Oedipus the King is, of course, by far the best known play of Sophocles. His Antigone is also very well known. But, unfortunately, few people are aware of the tragedy of Philoctetes. In typical Sophoclean fashion, almost all the action has taken place before the playwright chooses to open the play. The mis-step of Philoctetes has occurred almost ten years before when he blundered onto a patch of sacred land. In punishment for his action, a guardian serpent bit him on the leg, infecting him with noxious venom. Back on board ship, the wound began to fester, and its stench and Philoctetes’ cries of pain were so disturbing to the other warriors that Agamemnon, Menelaus’ brother and leader of the army, had to do something. He called upon Odysseus (who is always referred to as the “wily Odysseus”) to come up with a plan. Odysseus had the ship make another landfall (this time at a deserted island), where he lured Philoctetes onto the shore and stranded him, as the rest of the army sailed off to war.
A war, which after almost a decade of bloodshed, still had not been won.
And here is where Sophocles begins his play.
Odysseus has once again been called upon to use his wiles for the benefit of the group. A prophecy has revealed to the Greeks that they can only conquer Troy with the use of the bow and arrows of the god Herakles. Unfortunately for the army, the weapons were gifted by Herakles to Philoctetes. Crippled by his wound and unable to wander far from his cave home, Philoctetes is dependent upon the bow and arrows to secure food. The weaponry has sustained him—that and his undying hatred of the man who deceived him.

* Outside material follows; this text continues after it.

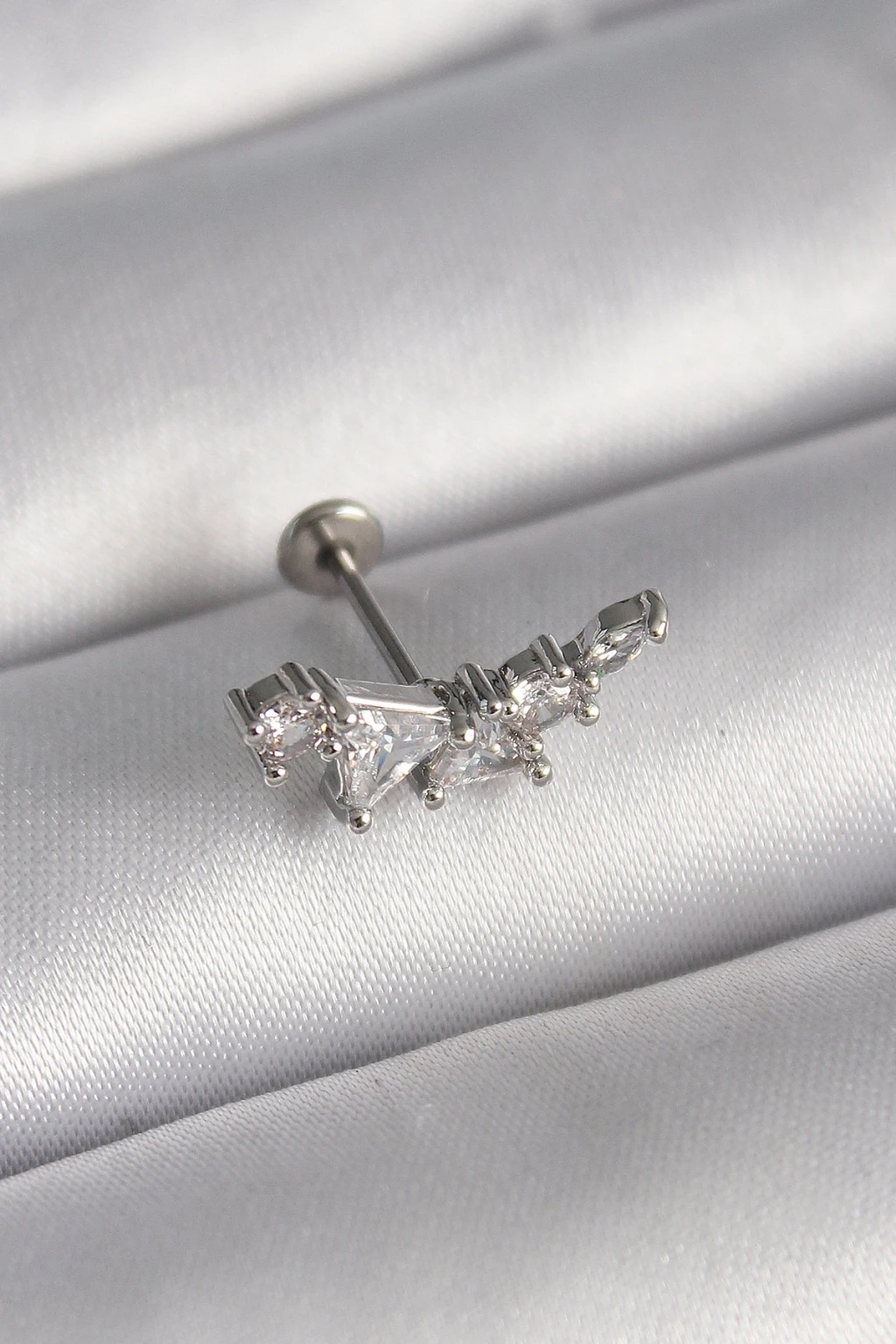 316L Çelik Gümüş Renk Zirkon Taşlı Tragus Piercing - TJ-PR1349
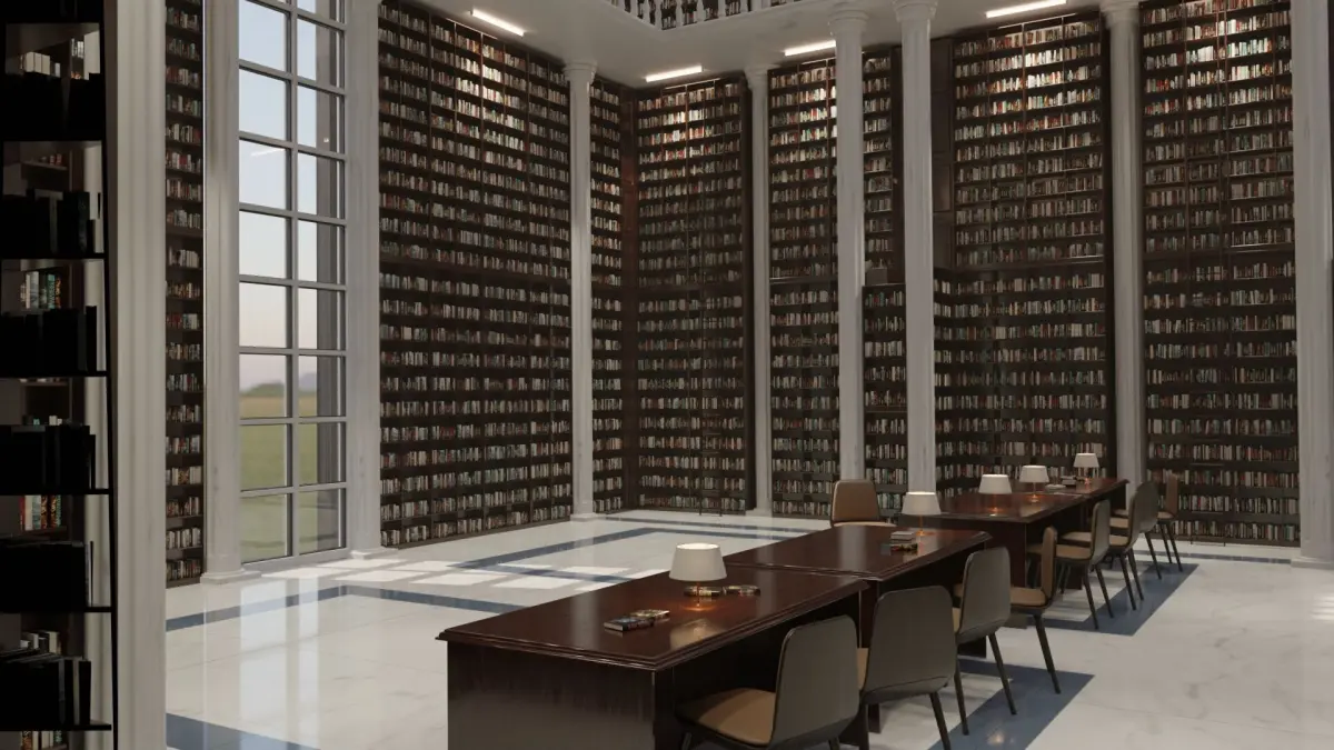 Immerse your audience in a world of knowledge and beauty with this exquisite 3D library model, now with unprecedented customization flexibility!

Odysseus has taken Achilles’ son, Neoptolemus, to Philoctetes’ island, intending to use him as a cat’s paw, to get the young man to inveigle the weaponry from the grasp of the crippled man. Neoptolemus does succeed in getting his hands on the weapons, but in a fit of conscience and pity gives them back to Philoctetes, who then turns the weapons on the man he most despises, Odysseus.
Disaster looms—averted only by the appearance of a literal deus ex machina: Herakles descends from the heavens. He addresses Philoctetes:
Thou too like me by toils must rise to glory-(translated by Thomas Francklin)
Thou too must suffer, ere thou canst be happy;
Hence . . . to Troy, where honour calls,
Where health awaits thee- where, by virtue raised
To highest rank, and leader of the war,
Paris, its hateful author, shalt thou slay,
Lay waste proud Troy, and send thy trophies home. . . .
My Aesculapius will I send e'en now To heal thy wounds-Then go, and conquer Troy.
Left to himself, Philoctetes would savor his bile and nurse his grievances. But the god’s command to Philoctetes to swallow his hatred for Odysseus and the rest of the Greek leadership overrules him. The gifts of the gods (such as Herakles’ bow and arrows) are not for a private man. They are meant for the community (civilization, if you like). And it is within civilization that the arts and sciences flourish. It is only when Philoctetes is re-integrated into society that he can be healed. There is no art of medicine on a desert island.